Let $B :=\{x\in E : p(x) < 1\}$ be the open unit ball for $p$. For $t > 0$ we have
$$
tB = \{x\in E : p(x) < t\}
$$
(by the semi-norm property $p(\lambda x) = |\lambda| p(x)$). Hence, if $x \in E$ we can choose $t > p(x)$ and then we have $x \in tB$. This means
$$
E= \bigcup_{t>0} tB,
$$
that is $B$ is absorbing. Moreover $B$ is convex, since it is a ball with respect to a semi-norm. Now also its closure $\overline{B}$ is convex and absorbing. It is known that a closed, convex and absorbing subset of a Banach space has $0$ as an inner point, that is there is a closed norm-ball $K=K(0,r)$ with $K \subseteq \overline{B}$.

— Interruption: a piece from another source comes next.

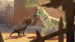 In New York, Bolt resumes his search for Penny. Much to his dismay and confusion, he finds out the hard way that his "superpowers" are useless. He met three friendly pigeons who tell him that there is an animal close to Calico. Bolt encounters Mittens, a cynical female feral cat who bullies pigeons out of their food. Believing that Mittens is an “agent” of Calico, Bolt holds her over the freeway, but Mittens decides to help him. To prevent Mittens from escaping, Bolt ties her to him with a leash and forces her to guide him back to Penny. Mittens is convinced her captor is a lunatic, but the two start their journey westward to Ohio by truck. Meanwhile, in Hollywood, Penny is genuinely distraught over Bolt’s disappearance but her agent agrees to find Bolt.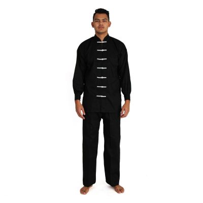 This 8oz Kung Fu uniform from SMAI is made of a poly-cotton blend for durability. It features 7 white buttons, rollback white cuffs and a snap-out collar. The pants have an elastic waistband.

Now it is sufficient to find a number $s>0$ such that $p(x) \le s$ if $\|x\| \le r$, since then
$$
\forall x \in E: ~ p(x) \le \frac{s}{r}\|x\|.
$$
We fix $x \in K$. Since then $x \in \overline{B}$, we find some $x_1$ in $B$
such that $\|x − x_1\| \le r/2$. Now
$$
x − x_1 \in \frac{1}{2} K ⊆ \frac{1}{2}\overline{B}= \overline{2^{-1}B},
$$
and we find some $x_2$ in $2^{-1}B$ such that $\|x − x_1 − x_2\| \le r/2^2$. Next, we find $x_3$ in $2^{-2}B$ such that $\|x − x_1 − x_2 − x_3\| \le r/2^3$, and by induction there is a sequence $(x_n)$ such that
$$
x_n \in 2^{−n+1}B, \quad \|x − \sum_{j=1}^n x_j \| \le \frac{r}{2^n},
$$
for each $n \in \mathbb{N}$. It follows that $p(x_n) < 2^{-n+1}$ for each $n$ and that
$$
x = \sum_{n=1}^\infty x_n.
$$
The $\sigma$-subadditivity of $p$ yields
$$
p(x) = p(\sum_{n=1}^\infty x_n) \le \sum_{n=1}^\infty p(x_n) < \sum_{n=1}^\infty 2^{-n+1} =2.
$$
Thus we can choose $s=2$ and have $\forall x \in E: ~ p(x) \le \frac{2}{r}\|x\|$.